As someone who blogs dairy-free (and often also gluten-free) I love the challenge of removing ingredients that do not fit within specific dietary restrictions and coming up with adaptations that are so delicious no one would miss the offending ingredient. Obviously the challenge to remove sodium is right up my alley. Since it turns out that milk is not low-sodium, I decided that a low-sodium (and non-dairy) adaptation of classic chocolate pudding would be my contribution to this rally. I often use eggs in custard and pudding recipes to add back some of the richness lost by removing the dairy, but since eggs are not low sodium either I went with a standard cornstarch pudding instead.

I absolutely love pudding. It is a simple unpretentious dessert that satisfies without being overly filling. When I am sick pudding is one of the foods I crave. It is the ultimate comfort food. I substituted a mixture of Thai coconut milk and water for the milk and I am quite happy with both the flavor and texture. The coconut flavor is subtle and pairs well with the chocolate. Most chocolate pudding uses cocoa powder, but I wanted to highlight the chocolate flavor so I went with semi-sweet chocolate instead. Since salt is a flavor enhancer, and I was leaving it out, I added a bit of espresso powder to enhance the flavor of the chocolate. The coffee flavor is not noticeable, but the chocolate flavor just tastes fuller. I have to say I am quite happy with this recipe. I am sure it will be making an appearance in our household again before too long.

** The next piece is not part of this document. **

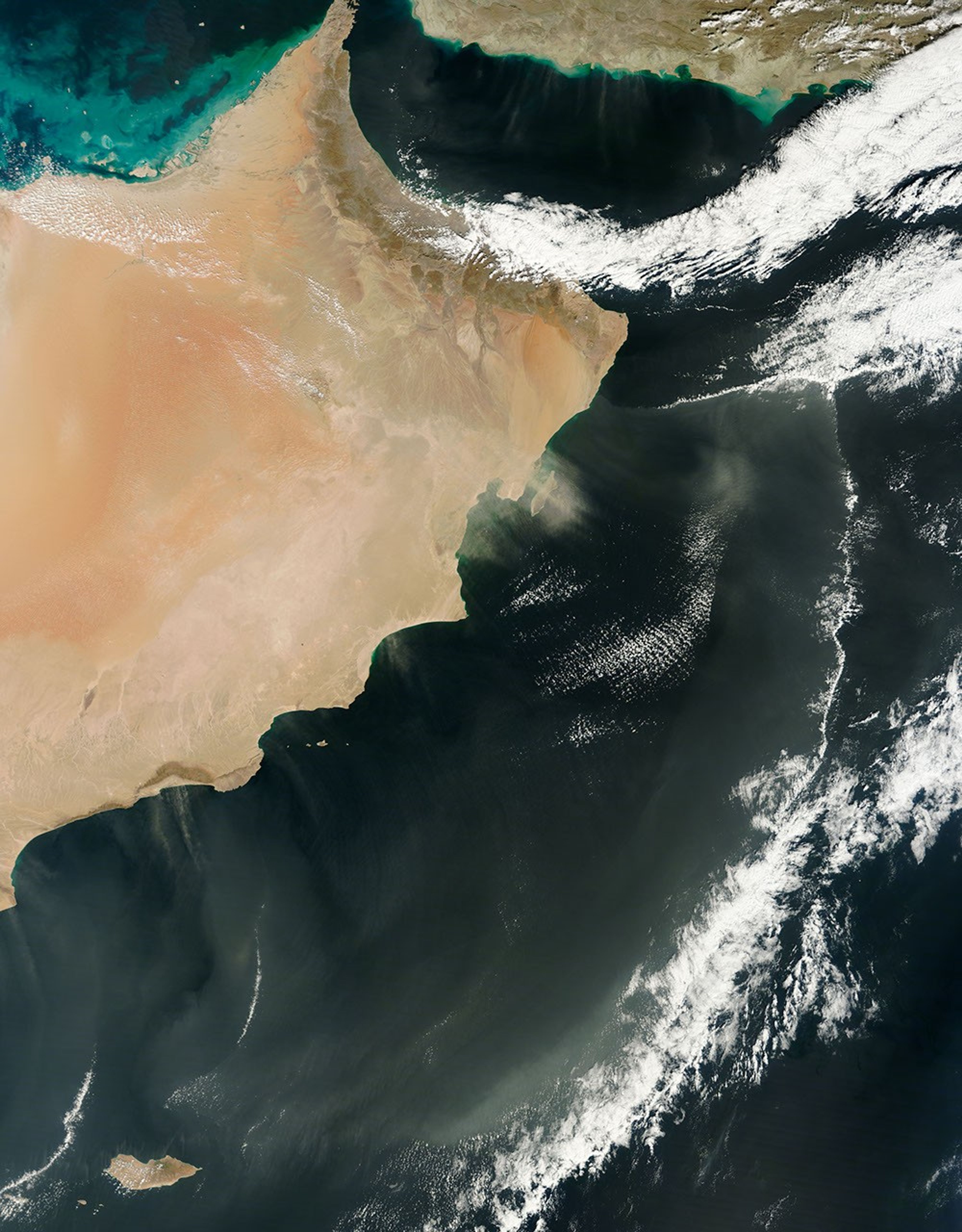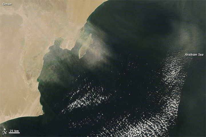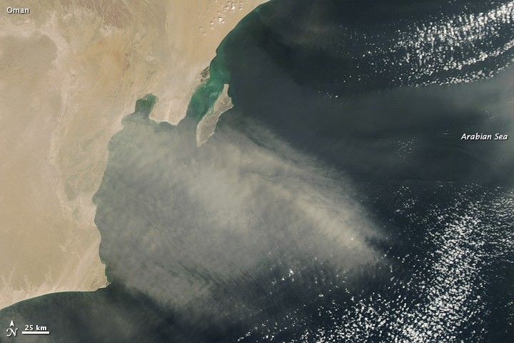 In early February 2013, dust plumes blew off the coast of Oman and over the Arabian Sea. The Moderate Resolution Imaging Spectroradiometer (MODIS) on NASA’s Terra and Aqua satellites captured these natural-color images on the morning (top) and afternoon (bottom) of February 4. In the roughly three hours separating these images, the dust plumes lengthened and shifted southward.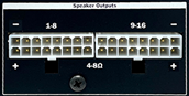 This is where you connect speakers to the RideAmp. You can wire up to 16 discrete channels of speakers at up to 30 W each, or you can bridge each channel pair to achieve up to 60 W.

The recipe calls for two cups of cocount milk. Since most standard cans are around 14 oz that means opening two cans and then only using a little bit of the second can. Which I admit is a bit annoying. If you use just one can and make up the difference with water the pudding will be just a bit less rich, but tasty nonetheless. However, I prefer the pudding with the slightly larger amount of coconut milk so I just use the rest of the can for other recipes like these chai truffles. The unused coconut milk can also be frozen.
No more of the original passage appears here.